The world of young female chess champions now emerging to challenge the historic mastery and hierarchy of their male counterparts on the international chess stage is provocatively exposed in the new book "Chess Bitch: Women in the Ultimate Intellectual Sport" (Siles Press, a division of Silman-James Press, Los Angeles; publication date October 1, 2005).
Powerfully and authoritatively written by two-time U.S. Women’s Chess Champion Jennifer Shahade, "Chess Bitch" is an insightful exploration of the top women players who are successfully infiltrating the male-dominated subculture of international chess – giving the term "play like a girl" a whole new definition.
The 24-year-old author, who won the U.S. women’s chess title in 2002 and 2004, and holds the title Woman Grandmaster, unveils the growing bevy of young globetrotting women chess masters – many of them glamorous and revered, like Shahade herself – who are battling for equality in a game rife with gender bias.

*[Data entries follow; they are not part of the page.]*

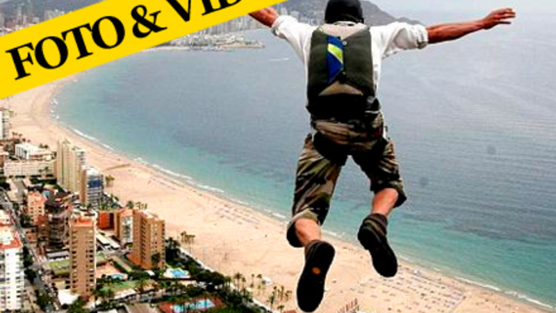 Luftens vildeste vovehalse kastede sig lørdag morgen ud fra det 200 meter høje boligkompleks "In Tempo", der ligger i den østspanske turistby Benidorm.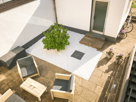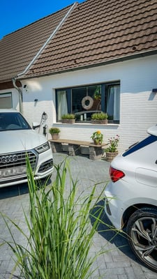 Wenn Du mit dem eigenen PKW anreist, steht dir ein Stellplatz auf dem privaten Grundstück direkt am Haus zur Verfügung. Von dort ist das Haus nahezu ebenerdig zu erreichen.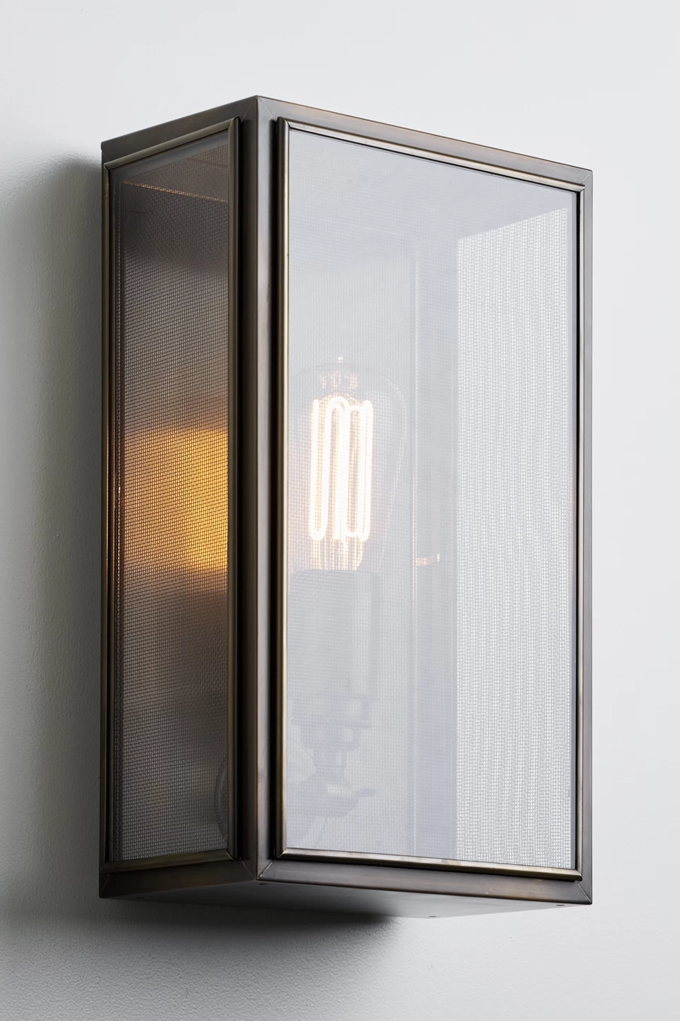 Superbement fabriquées, les appliques de la collection Essex sont constituées d’une cage parallélépipédique fabriquée en bronze. A l’intérieur, l’ampoule est vissée sur une douille en bronze également montée en applique. Les finitions sont exemplaires, les vitres sont serties dans le bronze, l’applique est fermée par un mécanisme traditionnel à ressort et aiguille. Etanches (norme IP44) et fabriquées en matière insensible à la corrosion, ces appliques peuvent être installées à l’extérieur comme à l’intérieur. Avec un surplomb de 12 à 14cm seulement, ces appliques n’encombrent pas le passage, et peuvent être installées dans des couloirs ou escaliers étroits. Le modèle Essex Original est muni d’un paroi interne laquée blanche. Le modèle Essex Mesh est doté d’un fin grillage en bronze diffusant la lumière produite avec efficacité et élégance. Tous les modèles sont munis d’une ampoule décorative Caret Squirrel Cage fournie avec le luminaire. Dimensions: hauteur 36cm, largeur 21,5cm, saillie du mur 14cm
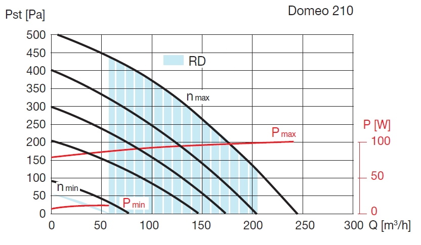 | max. průtok při 100 Pa [m3/h] | příkon [W] | napětí [V] | akustický tlak* [dB(A)] | max. účinnost [%] |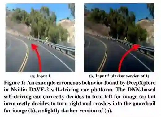 (图 1:DeepXplore在 Nvidia DAVE-2自动驾驶平台上找到的一个错误行为案例。基于 DNN的自动驾驶的车辆在图 (a)的场景中正确地决定向左转,但是在 (b)背景稍暗的场景中却错误地决定右转撞到防护栏上。)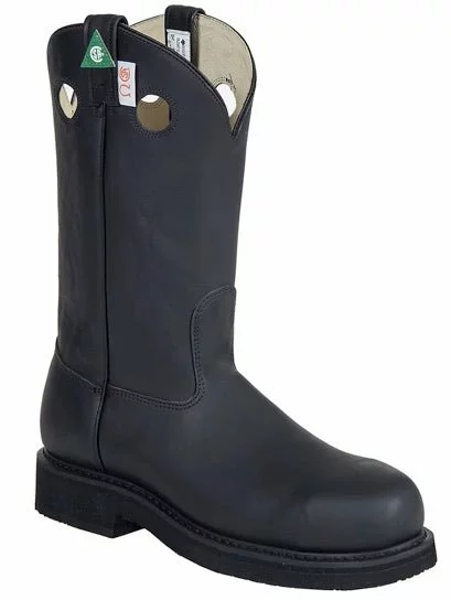 This pull-on Canada West Boot is a blend of rugged work features like a steel toe and Vibram sole, plus Western design and pull holes.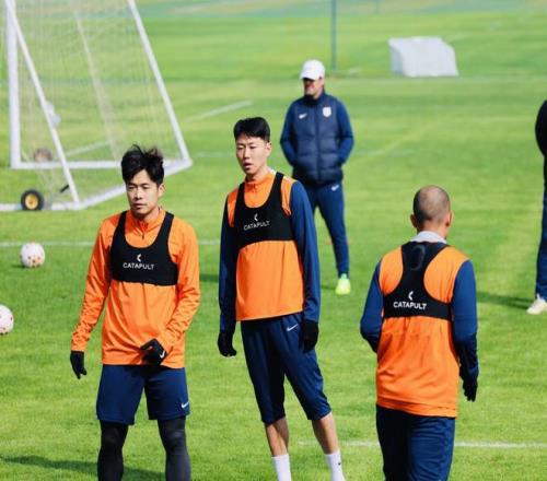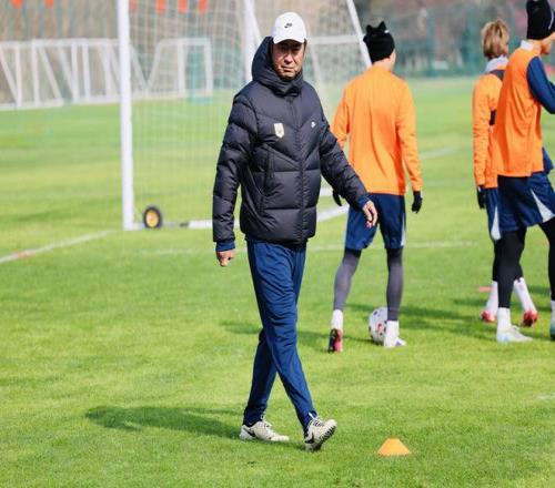 韩鹏抵达训练场后和助手赵硕先进行短暂交流,随即走向训练场,开启正式的训练。体能教练巴雷纳带队慢跑,他接替文虎一的角色,主要负责训练的执行。从训练的内容看,泰山队全队慢跑后是传接球的练习,紧接着是游戏环节,队员们分成四组,每组将五个标志锥放在指定位置,然后球员接连射门击倒标志锥,谁先完成谁就胜出。第一组,克雷桑、马德鲁加领衔的外援组胜出。

Through her own personal experiences and those of other top women players, Shahade traces the evolution of female masters past and present who have struggled to achieve a threshold in the upper echelons of chess, often to the outspoken displeasure of ranking males.

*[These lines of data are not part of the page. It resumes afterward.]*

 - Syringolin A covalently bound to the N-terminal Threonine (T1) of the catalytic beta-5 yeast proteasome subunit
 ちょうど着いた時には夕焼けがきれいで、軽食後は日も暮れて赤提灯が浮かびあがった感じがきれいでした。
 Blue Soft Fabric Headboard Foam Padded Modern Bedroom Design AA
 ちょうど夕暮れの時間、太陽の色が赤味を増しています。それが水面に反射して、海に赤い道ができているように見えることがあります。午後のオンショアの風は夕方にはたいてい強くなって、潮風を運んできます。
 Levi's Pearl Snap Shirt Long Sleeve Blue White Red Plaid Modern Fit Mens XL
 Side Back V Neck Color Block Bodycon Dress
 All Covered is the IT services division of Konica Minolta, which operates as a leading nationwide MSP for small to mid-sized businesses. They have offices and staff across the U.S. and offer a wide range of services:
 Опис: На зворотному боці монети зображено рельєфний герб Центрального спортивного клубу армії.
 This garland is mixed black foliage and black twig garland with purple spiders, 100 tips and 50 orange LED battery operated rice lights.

"In the game of chess, the Queen is the strongest piece and is often referred to as 'bitch' to describe powerful, aggressive female chess champions," explains Shahade.
Crisply and engagingly written, the book chronicles Shahade's triumphs, failures and the chess world characters she's befriended in her travels from New Delhi to New York City to Shanghai.
"Chess Bitch" profiles great players back to Vera Menchik (who became the first woman’s World Champion in 1927, beating men with disarming regularity), through to today's famed Polgar sisters (three Hungarian grandmasters who refused to play in separate women's tournaments) and the champions who comprise chess dynasties in Russia and China. Shahade also introduces a network of such glamorous young players as Russian Grandmaster Alexandra Kosteniuk and current Women's World Champion Antoaneta Stefanova, who gallivant from one country to the next on the tournament circuit.
"There are riveting personalities who populate the women’s chess world," says Shahade, "and it's far more colorful and intriguing than the stereotypical image of two people sitting quietly across the table immersed in thought."
She examines why few women players are considered geniuses, the issues surrounding the exploitation of feminine beauty to promote the sport and whether separate tournaments are detrimental to the future of women in chess.
"Chess Bitch" candidly captures the often harsh and inbred bias against women masters as a microcosm of the perennial battle of the sexes, opening an avenue of accessibility to a universe long unapproachable to outsiders.